We believe it’s time to re-identify the “Lifestage Formerly Known as Retirement” to mean something far bigger and worthy of a new name.
My take on this:
- I’ve been saying it for a long time — the meaning of retirement is changing!
- One great example of this is that about half (or maybe more) of the newest retirement books I’ve read talk about “working” in “retirement”. The old definition of retirement, the one the retirement police will be defending until the bitter end, had no place for work in retirement. In fact, it was impossible for you to work and be considered retired. Times they are a-changing!
- “freedom, leisure.” Freedom is the big one for me. People can choose leisure or they can choose something else, but it’s the freedom of retirement that gives them the choice to do whatever they want.
- “withdrawal, decline.” These are things that can be planned for (at least in part) and be eliminated in many cases. However, the best planning occurs before retirement and unfortunately most Americans seem to be of the mind that “retirement is so easy you don’t have to plan for it.” I’m trying my best to change that mindset so people do at least a bit of planning — which will greatly improve their odds of having an awesome retirement.

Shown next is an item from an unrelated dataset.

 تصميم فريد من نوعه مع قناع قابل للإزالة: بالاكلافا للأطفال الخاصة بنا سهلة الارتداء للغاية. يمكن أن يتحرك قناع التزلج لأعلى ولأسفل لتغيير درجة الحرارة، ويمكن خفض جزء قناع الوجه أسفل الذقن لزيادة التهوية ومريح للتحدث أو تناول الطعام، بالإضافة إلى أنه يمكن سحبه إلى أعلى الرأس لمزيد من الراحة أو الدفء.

Anyone want to suggest the new name for retirement? I’d love to hear some suggestions!
Conclusion
Well, that wraps it up for this book.
I have covered it in much more depth than I have other books because it had so many great insights backed up by data. Most books are long on opinion and short on facts, but this one is long on both.
And, of course, there’s much, much more to the book than what I could share. So if any of the posts have interested you, pick up your own copy then come back here and tell me what you think of it.

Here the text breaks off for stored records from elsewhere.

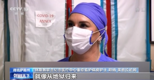 休斯敦联合纪念医疗中心重症监护病房护士 坦纳·英格拉哈姆:就像地狱一样,然后又回了一次地狱,就像我们不存在一样。你要知道,我们还在这里照顾病人,我自己、我的孩子和我妈妈,他们也有被感染的风险,我感觉我们被遗忘了,真的。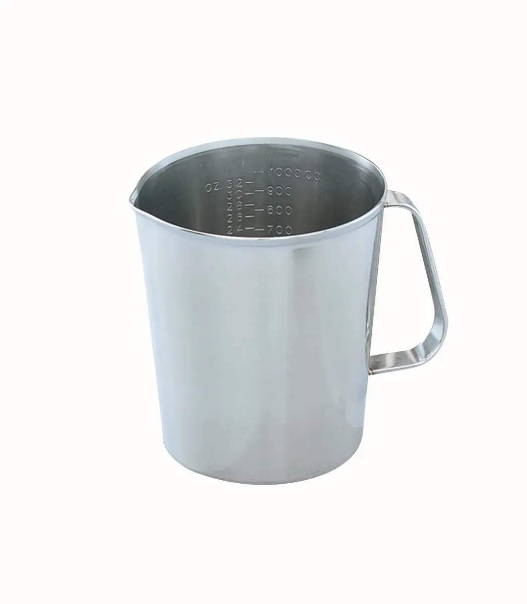 Improve your measuring accuracy with the Vollrath® graduated measuring cup. This durable stainless steel cup features easy-to-read graduation marks in both ounces and cubic centimeters for your convenience. The pour spout and beveled lip help prevent messes, and the angled handle offers a comfortable grip. Ideal for wet or dry ingredients, this measuring cup is an excellent choice for any kitchen.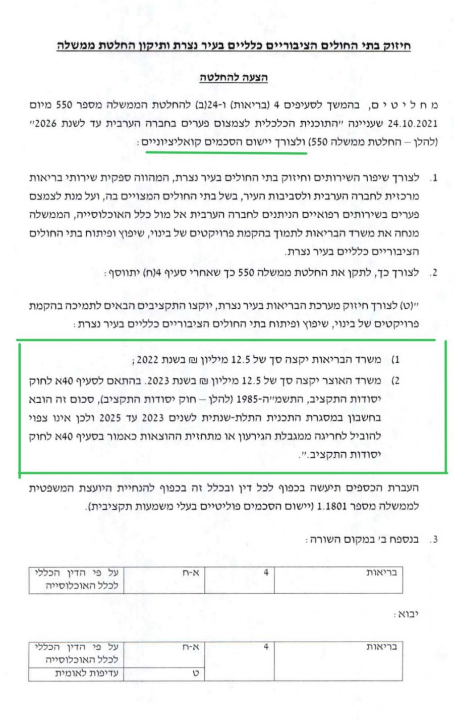 من ميزانيات الموحدة: الحكومة تصادق على تحويل 25 مليون شيكل لدعم مستشفيات الناصرة

There might be some readers who have already read the book. If so, I’d love to hear your opinions of it in the comments below.
Debbie says
In England they are called Pensioners. In New Zealand (according to google) they are called superannuatant…..I don’t like that word.
Tink says
Passwords are a tricky problem. With digital thieves passwords have become complex and change frequently. I haven’t seen any articles on your digital footprint when you die. All your emails and cloud documents.
Scott C says
Services like LastPass make passwords easy. Your spouse can either know the master password or you can pay $12 per year more for a family account or you can designate emergency contacts who can request access (after you have established them). After a designated period of time (you define), if you have not denied their request to acess your LastPass account, they are granted access. I am a LastPass user but I am sure other products have similar offerings.
Dave says
Scott nailed it. This is the needed approach. We use a family license of 1Password (a LastPass competitor). The ‘Shared’ vault contains all sorts of directives, info, and the kids have been made aware of this key source. The vault shared by my spouse and I is a little more restrictive, and nothing in this vault would be accessible to the kids. Stuff we would each need as a (the) survivor. Of course each user has a private vault – access to this essentially dies with you. Perhaps not perfect but the rules are clear and allow the survivors to push forward!
MI-109 says
Here is a podcast that addresses how to handle digital assets, to include using a password app.
https://www.chalenejohnson.com/podcasts/what-happens-digital-assets-die/
Targeting 2023 says
As I brainstorm how to describe what retirement is becoming and the fact that it’s a broad and diverse spectrum, the word flexibility keeps coming up but I struggle how to fit it in. Perhaps we’ll need to invent a new term such as “Flextirement”? or some other variation on that flexibility concept. I’m certain someone in this community more creative than me will come up with something better. Thoughts?